MINISTERIËLE REGELING ter uitvoering van artikel 6, derde lid, onderdeel f, onder 3º, van de Landsverordening op de loonbelasting

Geldend van 10-10-2010 t/m heden

Intitulé

MINISTERIËLE REGELING ter uitvoering van artikel 6, derde lid, onderdeel f, onder 3º, van de Landsverordening op de loonbelasting

Artikel 1

  • 1. Vaste vergoedingen als bedoeld in artikel 6, derde lid, onderdeel f, onder 3º, van de Landsverordening op de loonbelasting behoren niet tot het loon indien:

    • a.

      de inhoudingsplichtige aannemelijk maakt dat deze vergoedingen geacht kunnen worden te strekken tot bestrijding van de noodzakelijke kosten die de werknemer tot verwerving van zijn loon maakt;

    • b.

      deze vergoedingen naar aard en veronderstelde omvang van de kosten zijn gespecificeerd.

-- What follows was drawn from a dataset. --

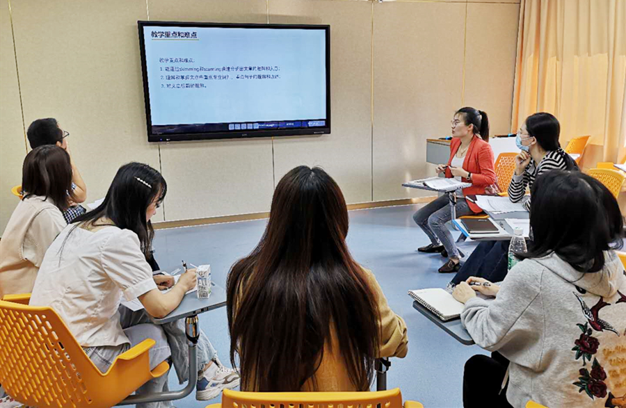 商英系的全体新教师围坐一圈,首先听取了余慧艳老师研讨课《综合商务英语Ⅲ》Unit 2 The People vs The United States进行的说课。余老师阐述了第二单元引入部分和课文部分的设计思路,包括授课目标、授课方法、辅助教学材料等。随后袁鑫副院长进行了深入点评,他指出了新教师上课的通病:拘泥于教材,以完成教材章节和练习为检查教学任务的标准。他指出教学设计的基本路径:教师应从beat365官网“六位一体”指导思想入手,全面了解专业和教材定位,落实知识、能力、素质和思政目标;以学生为中心,换位思考,模拟学生学习过程,提炼重点学习问题,确定每节课的重点难点,;针对问题设计教学活动;针对目标和方法设计评估手段,以形成教学闭环。袁鑫副院长带领大家一起阅读课文,举出文章中的案例,说明课文的目标、重难点、教学方法,以及评价方法的设计。

  • 2. Aan de voorwaarde, bedoeld in het eerste lid, onderdeel a, is in ieder geval voldaan indien om de drie jaar een steekproefsgewijs onderzoek van de werkelijk gemaakte kosten tot verwerving van het loon wordt verricht, waarbij de werknemer gedurende ten minste drie aaneengesloten maanden een overzicht bijhoudt van de werkelijk gemaakte kosten, met inbegrip van de declaraties en de betalingsbewijzen hiervan.

  • 3. Het tweede lid is van overeenkomstige toepassing op de toekenning van vergoedingen aan een groep van werknemers, die vanuit het kostenoogpunt redelijkerwijs geacht kunnen worden in dezelfde omstandigheden te verkeren, met dien verstande dat deze vergoedingen niet hoeven te worden afgestemd op de kosten die door een tot deze groep behorende individuele werknemer zijn gemaakt, maar kan worden volstaan met een door de desbetreffende groep van werknemers gemiddeld te maken kosten.

  • 4. De Inspecteur kan op verzoek het bedrag, dat ingevolge het eerste tot en met het derde lid ten hoogste als vaste vergoedingen in aanmerking wordt genomen, vaststellen.

Artikel 2

Deze ministeriële regeling kan worden aangehaald als: Regeling vaste vergoedingen.